Segundo informações constantes no sítio do Instituto Nacional do Câncer
– INCA, uma das instituições mais respeitadas no País no tratamento do câncer, a doença ou Linfoma de
Hodgkin, é uma forma de câncer que se origina nos linfonodos (gânglios) do sistema linfático, um conjunto
composto por órgãos, tecidos que produzem células responsáveis pela imunidade e vasos que conduzem
estas células através do corpo.
A
Doença
de
Hodgkin
surge
quando
um
linfócito
(mais
freqüentemente um linfócito B) se transforma de uma célula normal em uma célula maligna, capaz de
crescer descontroladamente e disseminar-se. A célula maligna começa a produzir, nos linfonodos, cópias
idênticas (também chamadas de clones). Com o passar do tempo, estas células malignas podem se
disseminar para tecidos adjacentes, e, se não tratadas, podem atingir outras partes do corpo.
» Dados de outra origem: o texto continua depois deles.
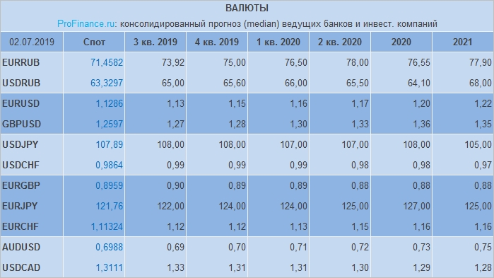 - Прогноз по доллару к рублю на 3 и 4 кв 2019: было в июньском прогнозе - 65.11 и 66.00, стало в июльском прогнозе - 65.00 и 65.60 соответственно

Na Doença
de Hodgkin, os tumores disseminam-se de um grupo de linfonodos para outros grupos de linfonodos através
dos vasos linfáticos.
Existem quatro estágios, correspondendo o estágio I à doença mais
limitada, e o estágio IV, à mais avançada. Também é agregada uma subdivisão destes estágios aos
pacientes com certos sintomas relacionados à doença, chamados sintomas B, tais como febre, sudorese
noturna, perda de peso significativa. Exemplo: se um paciente tem doença avançada (estágios III ou IV), e
tem sintomas B, determina-se o estadiamento como IIIB ou IVB. No caso do Sr. ZILDO DA GAMA,a doença
encontra-se no ESTÁGIO III, COM SINTOMAS B, o que comprova a gravidade do seu estado de saúde e
a premente necessidade de tratamento médico.
A radioterapia é o tratamento tradicional para os estágios precoces
da doença de Hodgkin. A quimioterapia, possivelmente associada à radioterapia, é usada em estágios
avançados da doença, tal como ocorre no caso do Sr. ZILDO DA GAMA.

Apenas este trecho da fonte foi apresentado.